Additional award recipients are William Bell, president and CEO of Seattle-based Casey Family Programs; and Express Yourself, a nonprofit organization in Beverly that immerses youngsters in music, dance, and visual arts.
The benefit event will include a cocktail reception, dinner, and program. For ticket information, call Lisa Sikora at 617-227-4183, ext. 122, or visit www.rfkchildren.org.
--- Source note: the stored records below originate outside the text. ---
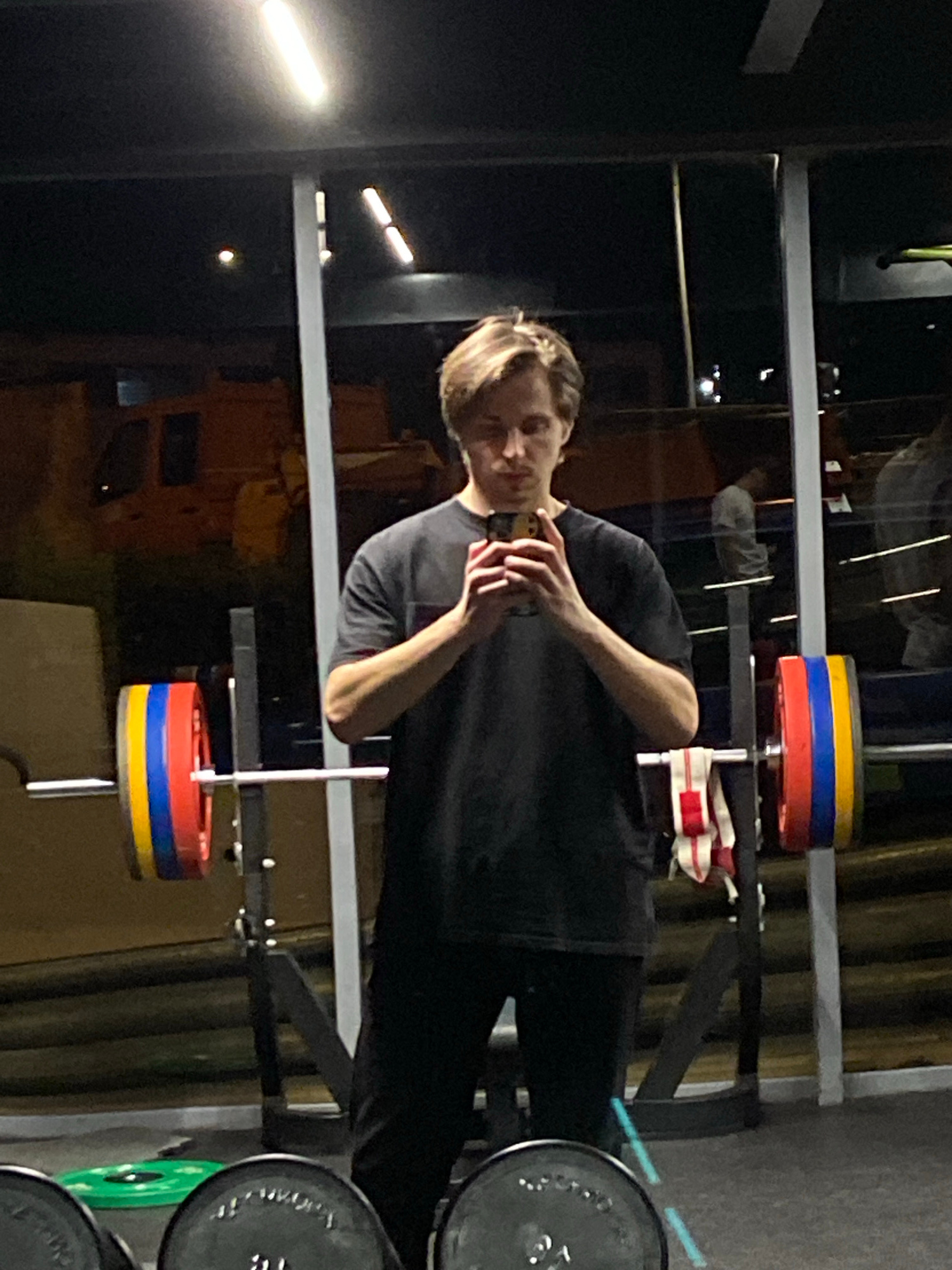 A person is taking a selfie in a gym, possibly in Bar, Montenegro. The person is wearing a dark t-shirt and dark pants. A barbell is visible, loaded with weight plates. The gym appears to have a mirro…read more
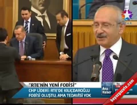 Kemal Kılıçdaroğlu, partisinin Meclis grup toplantısında yaptığı konuşmada, “Yeni bir fobi oluştu Recep Tayyip Erdoğan’da; Kemal Kılıçdaroğlu fobisi. Ben muhalefet partisi lideriyim. Normal olarak bir iktidarın yaptığı yolsuzlukları, ahlaksızlıkları, hırsızlıkları anlatmak zorundayım. Görevim bu zaten. Peki, Recep Tayyip Erdoğan’ın görevi ne? Muhalefet partisine, muhalefet etmek. Sabah kalkıyor Kılıçdaroğlu, akşam yatıyor Kılıçdaroğlu. Kendisini padişah zannediyor ya, rüya görüyor yine Kılıçdaroğlu, sabah hafakanlar basıyor, ne oldu diye. Recep Tayyip Erdoğan, Kemal Kılıçdaroğlu’nu sen yattığın her saniye rüyanda göreceksin. Bu fobinin tedavisi yok.” dedi.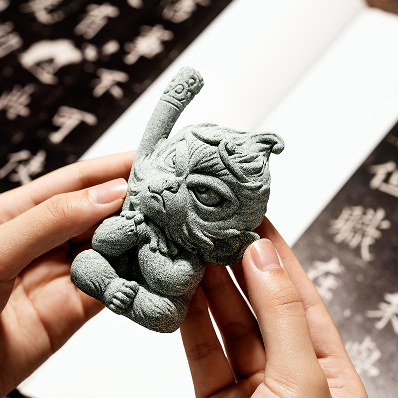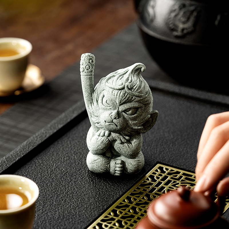 国潮青砂石齐天大圣茶宠摆件居家桌面动物造景装 饰器物可养茶玩

ENCORE PRESENTATION: Carol Greenfield of Newton was recently honored with the 2012 Louis Lowy Distinguished Service Award in Gerontology by the Massachusetts Gerontology Association. Greenfield, founder of Newton-based Discovering What’s Next, was recognized for her longstanding leadership in empowering aging adults.
Greenfield was previously a consultant to the state Executive Office of Elder Affairs, and the New England Employee Benefits Council‘s executive director.
JAZZ STARS: Medfield High School senior Kabir Thatte was named Outstanding Vibraphone Soloist at the 17th annual Essentially Ellington high school jazz band competition and festival, which took place last month at the Lincoln Center in New York City. Sophomore Alex Rosenfeld received an honorable mention for trumpet.
The Medfield High School Jazz Band was one of 15 finalists that were selected from school ensembles across the country for the Essentially Ellington competition. Top honors this year went to the Dillard Center for the Arts in Fort Lauderdale, Fla.
As a finalist, Medfield receives a $500 award toward its jazz programs.